李慕白看上去有些難過。

“不,不,不”斯諾急忙搖頭否認,“正因爲你們兩個人的靈魂之力都足夠強大,所以纔可以共用一副軀體。”

李慕白若有所思的點了點頭。

“顯然,他的靈魂之力要比我強一些,他佔據了身體更多的時間。”


斯諾眉心緊鎖。

“李慕青的靈魂之力雖然強大,不過他意念太弱,否則你就不會存在了。論星河之力的天賦你們差距很大,可你的預知技能,”

斯諾頓了頓後繼續說道。

“如果你願意,也可以留在古森學院,畢竟被李慕青錘鍊了這麼多年的身體還是很有潛力的。”

“那他們呢?”李慕白看向我們。

“雖然古森學院不能收他們,不過我知道一個人,應該會對他們很感興趣。”

斯諾看向我,“我知道你想加入古森學院是因爲這裏有你想要的東西。”

說着斯諾老師從懷裏掏出一塊龜甲給我,“這是異甲靈陣,你能找到這裏也算是一種機緣,更何況那老傢伙早有交代,現在我也算是完成了他的囑託。”

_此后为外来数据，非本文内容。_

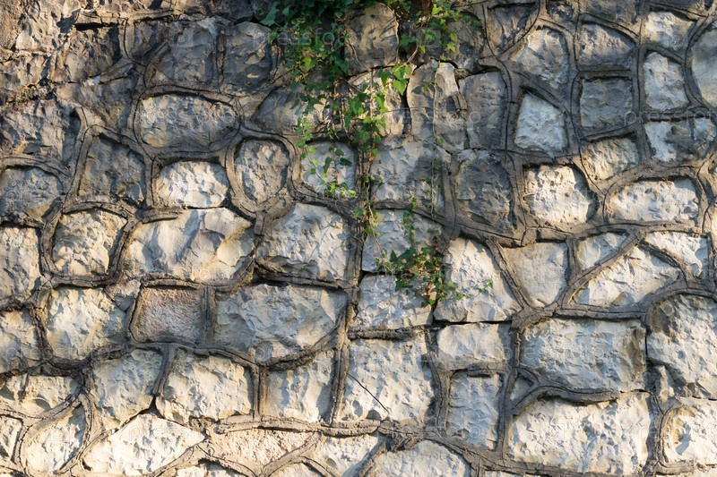 Текстура старой каменной стены с плющом и освещенная солнечным светом

我一臉疑惑的看着斯諾,紀寒走上來拍了怕我的肩,“沒關係,我們還有很多大事沒有完成,這裏不留我們,那我就繼續和你去冒險,我喜歡那樣的生活。”

“你呢,呆瓜?”紀寒回頭看向李慕白。

“前輩你能告訴我李慕青的事情嗎?”李慕白看着斯諾問。

“本來我是不該告訴你的,可看你如此困惑,便與你說說吧。”

斯諾拿着手裏的短劍,一邊擦拭一邊回憶:“那年我路過龍虎山,剛好見到你的弟弟李慕青,那時候他還是一個瞎子,我見他靈魂之力強大就想把他帶回了古森學院,可遭到了你家人的拒絕,原因是李慕青身份特殊,在他體內一直隱藏着另一個靈魂,出於好奇我喚醒了這個靈魂。”

“那個靈魂就是我吧?”

斯諾看着李慕白點了點頭。

“你們原本是孿生兄弟,可你弟弟李慕青從出生後就失去了呼吸,陰差陽錯。你們父親想保全你們,便用星河之術將你弟弟的靈魂移到了你的體內,由於你弟弟的靈魂比你強大,逐漸就取代了你的靈魂成爲身體的掌控者,後來你的父親讓你弟弟修行星河之力,不料星河禁忌之法無名業火降世,你們的身體無法承受那股強大的力量,於是失去了雙眼,我見到你弟弟的時候你的父親已經失蹤,沒人知道這無名業火是怎麼到你弟弟體內的,我答應你的家人只要讓你弟弟和我回古森學院修煉,我就幫他復明,還能幫他抹去你的靈魂,讓李慕青成爲身體唯一的主人。”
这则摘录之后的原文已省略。